Another rainy day! It seems that January is trying to make up for the rain we didn't get in November. Not that I keep up with the numbers, but my recollection of November is that I kept saying, "Wow, I can't believe it hasn't rained more by now...."
Anyway, it wasn't raining this morning when my piano students came for their recital. (And isn't it funny that we use the word recital for music and dance, and the word recite pretty much only for something involving words?) They came in their pretty dresses and one with his basketball uniform in his backpack for the after-the-recital game. They played their music, dropped their music, forgot and remembered parts of their music, bowed or forgot to bow. It was like so many piano recitals.
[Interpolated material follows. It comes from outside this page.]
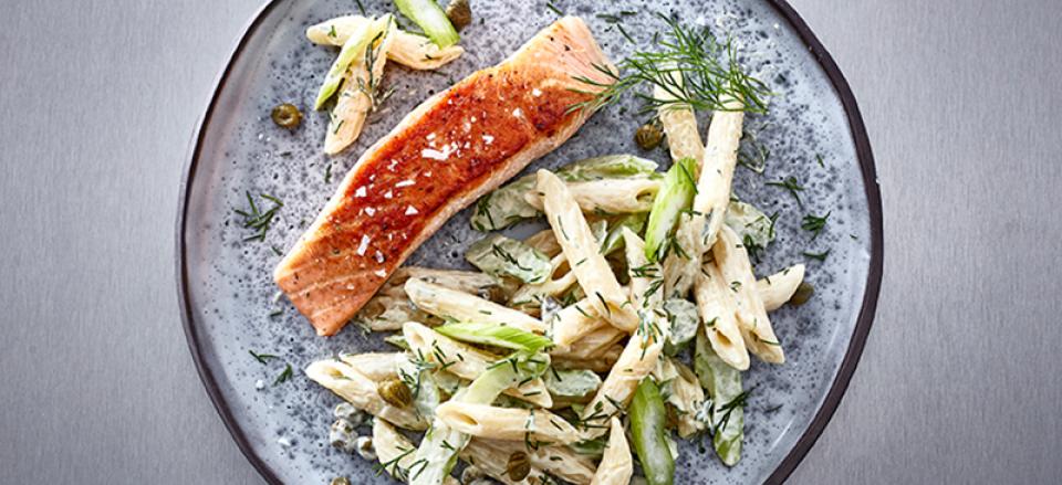 Vend kogt pasta i saucen sammen med kapers, fintsnittet bladselleri og dild.

Sweet, sincere, at times funny.
Most of my students are beginners right now. So they aren't playing music that astounds or deeply moves.
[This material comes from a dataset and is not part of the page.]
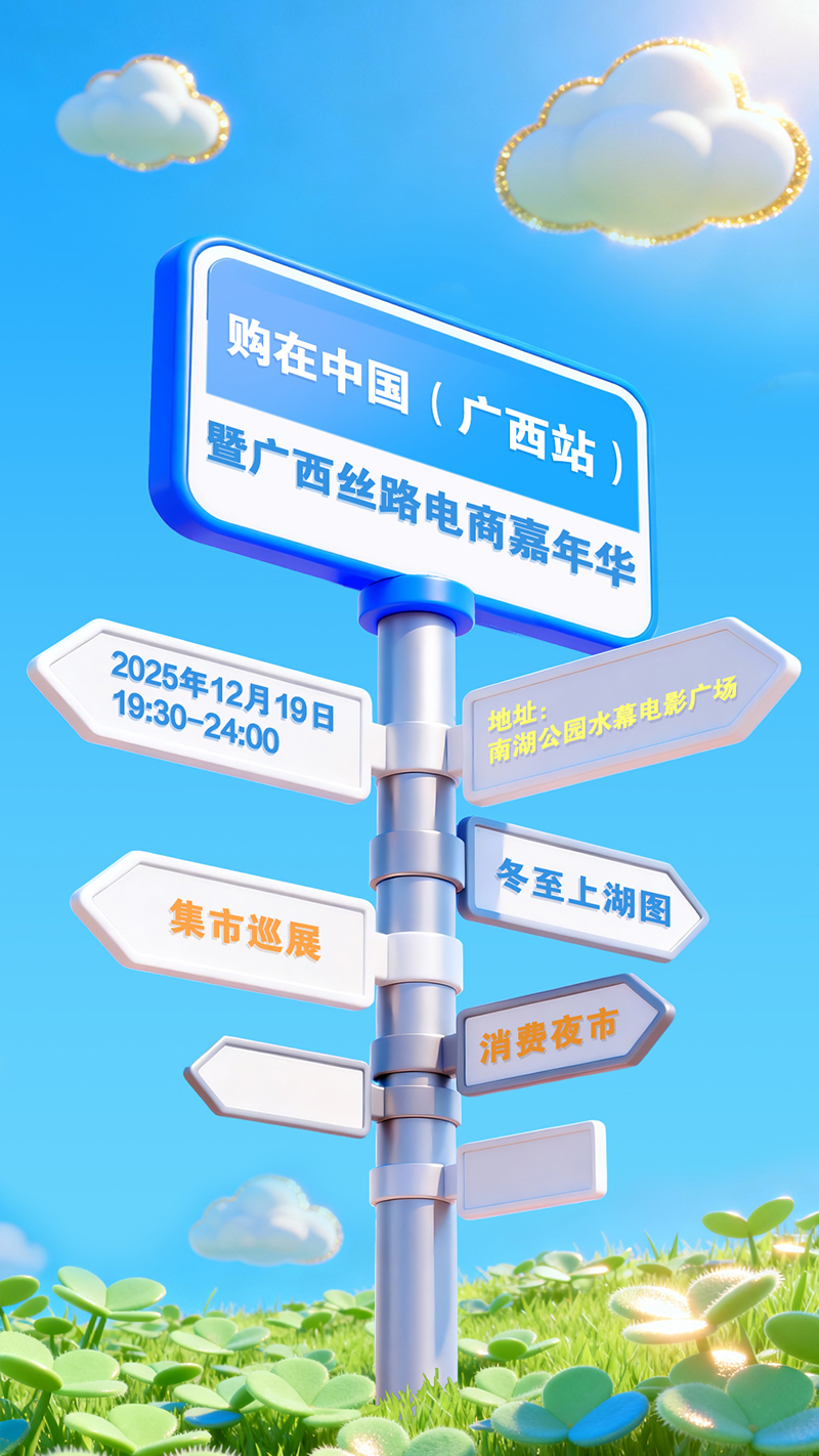 人民網(wǎng)南寧11月25日電 (馮肖慧)12月19日,“購在中國(廣西站)暨廣西絲路電商嘉年華”活動(dòng)將在南寧市南湖公園水幕電影廣場(chǎng)舉行。
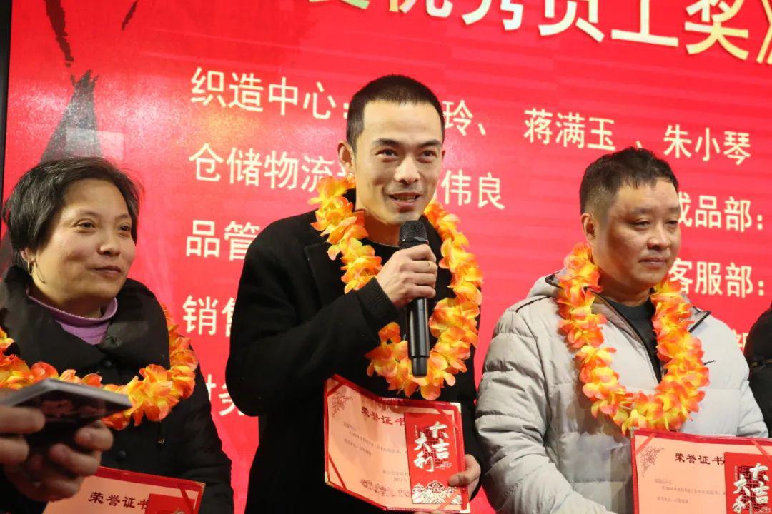 季度优秀员工奖:李艳玲、翁楚杰、蒋满玉、朱小琴(织造中心)、郭胜宾(复合车间)、褚伟良(仓储物流部)、

And yet every few months, when I organize a recital, I am amazed and moved by the simple truth that these children, however many months or years earlier, could not do what they did on this day. Their fingers would not fit into these positions. The symbols on the page meant nothing to them. They could not clap in time to a metronome and stay with it for anything. Some could not even sit still for a thirty-minute lesson. (Not that all can now all the time!)
And whether they are now playing Bach, or Big Ben, or Boogie Woogie Blues, they remind me that amazing things happen all around us all the time. We just don't see the wonder of them.
The way our minds can learn. The way our bodies heal from wounds. The way plants grow and flowers appear. The way we recognize faces and voices, even when every face and every voice is very similar to all the others. The way the sky turns pink in the evening as the sun sets. The way gravity holds us to the earth and holds the moon out there for us to see.
These are amazing things. None of us can make any of them happen. But they are so much a part of life that we forget how amazing they are.
I'm glad for piano recitals that remind me every now and then.
(The picture above shows students from a few years ago, since I don't have any from today.)